Impact on Risk Analyses
Because structure inventories represent the at-risk people and property in consequence assessments, the changes to the NSI base layer may influence risk analyses and characterizations. However, it is not possible to say, in the abstract whether the changes will increase or decrease consequence outcomes. At the national level, exposure has generally increased from the NSI 2022. This is partly because of price level changes and population growth, but it also stems from the NSI having a higher success rate of identifying at-risk buildings and occupants.
However, many counties saw a decrease in exposed structure values and populations. This reflects population loss and degrowth in some cases, but it also represents a decrease in false positives and duplicated square footage estimates.

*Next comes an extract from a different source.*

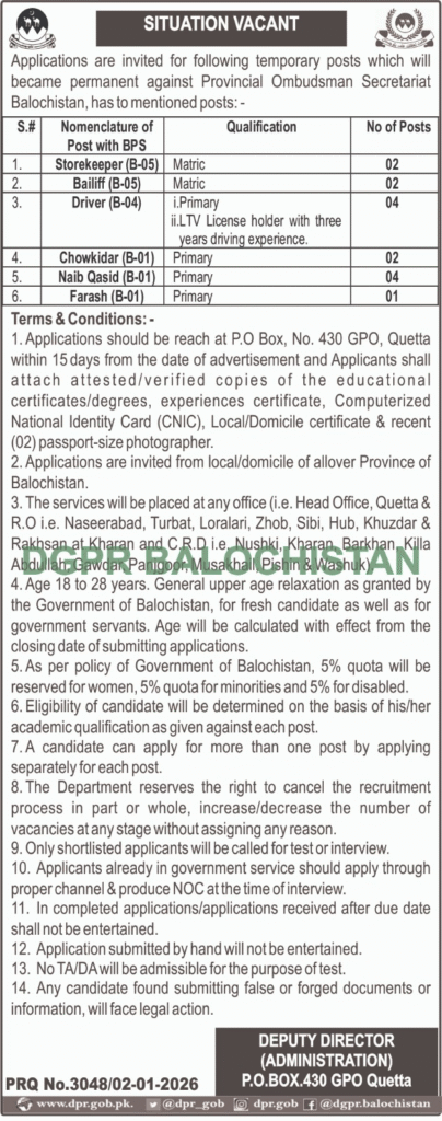 Adv-JobsApplications Invited for Temporary Recruitment to Class IV Vacant Positions at the Provincial Ombudsman Secretariat, BalochistanJanuary 3, 2026January 3, 2026Comments (0)Shams Ur Rehman Anas Hussain
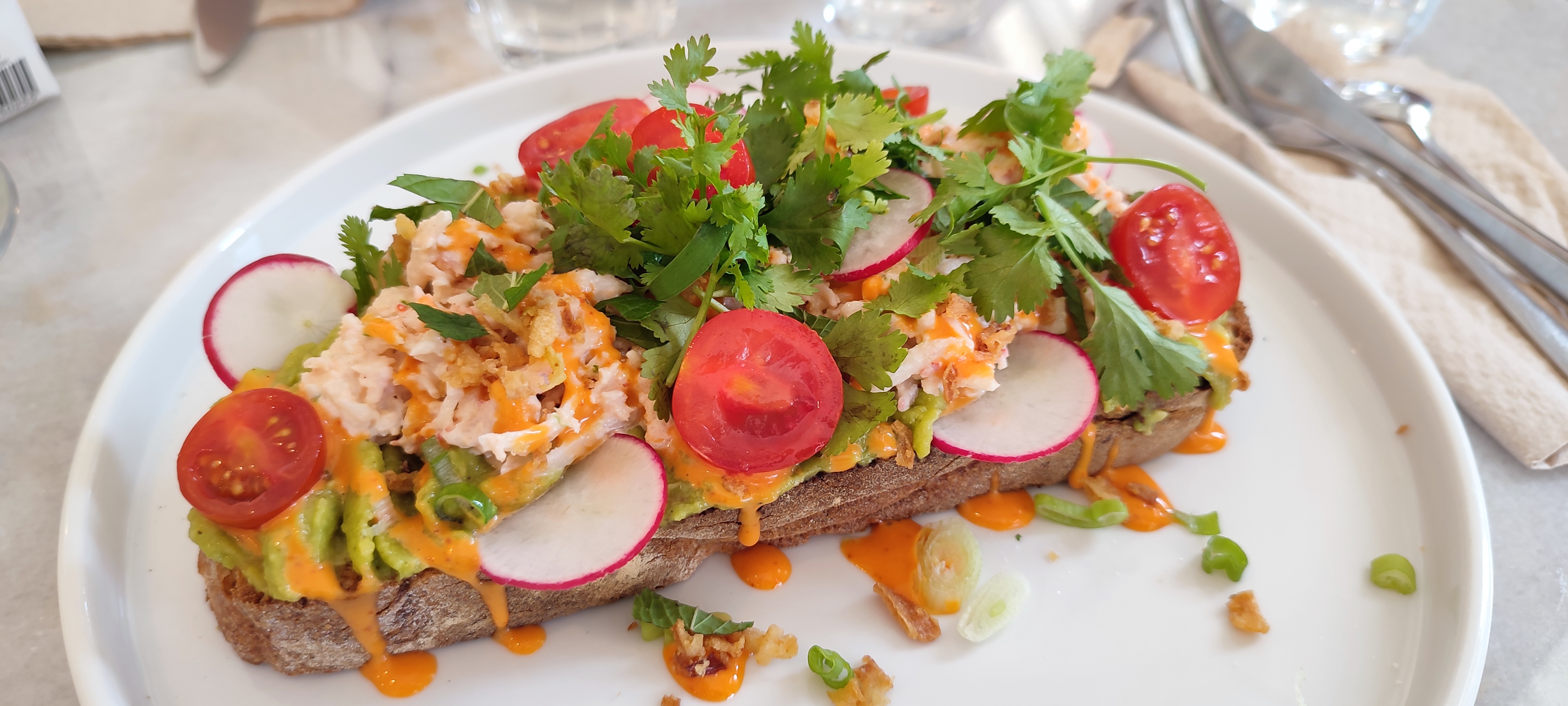 Brunch à Menton. Nous avons marché un très long moment (assez éloigné du centre de Menton/du marché). Le lieu est sympa, il ne prend malheureusement pas de réservation, dommage. Peut-être n'ai-je pas fait les leilleurs choix sur la carte, mais j'ai malheureusement été un peu déçue de mon expérience. J'ai pris un Avocado toast végé qui manquait de saveurs, un banana bread un peu étouffant me laissant un goût pas très agréable en bouche. Le dirty brownie était quant à lui très bon, bien qu'un peu cher quand même (8€).

Users can view the descriptive statistics and analysis of county, state, and national level changes in the NSI Statistical Summary page.
Caveats
Comparing with previous NSI Versions
Due to the numerous methodological changes, it is generally inappropriate to infer that differences between NSI 2026 and earlier versions is due to growth or decline of a region. Time series analyses with the NSI is not recommended.
Remaining Limitations
Known issues and limitations remain with the NSI 2026. These include unavoidable issues, such as data inputs lagging reality, simplifying assumptions, and inconsistent coverage of structure level information as well as methodological issues that will be addressed in future versions. These issues are discussed further in the FAQ and Common Issues Documentation.
NSI is not intended for legal or regulatory determinations or for analyses requiring precise structure-level accuracy. It is designed as a baseline inventory for screening-level and regional analyses. Users are expected to review, validate, and refine the data as needed for their specific application. NSI estimates are generally more reliable at larger spatial scales, where regional assumptions and distributions better reflect aggregate conditions.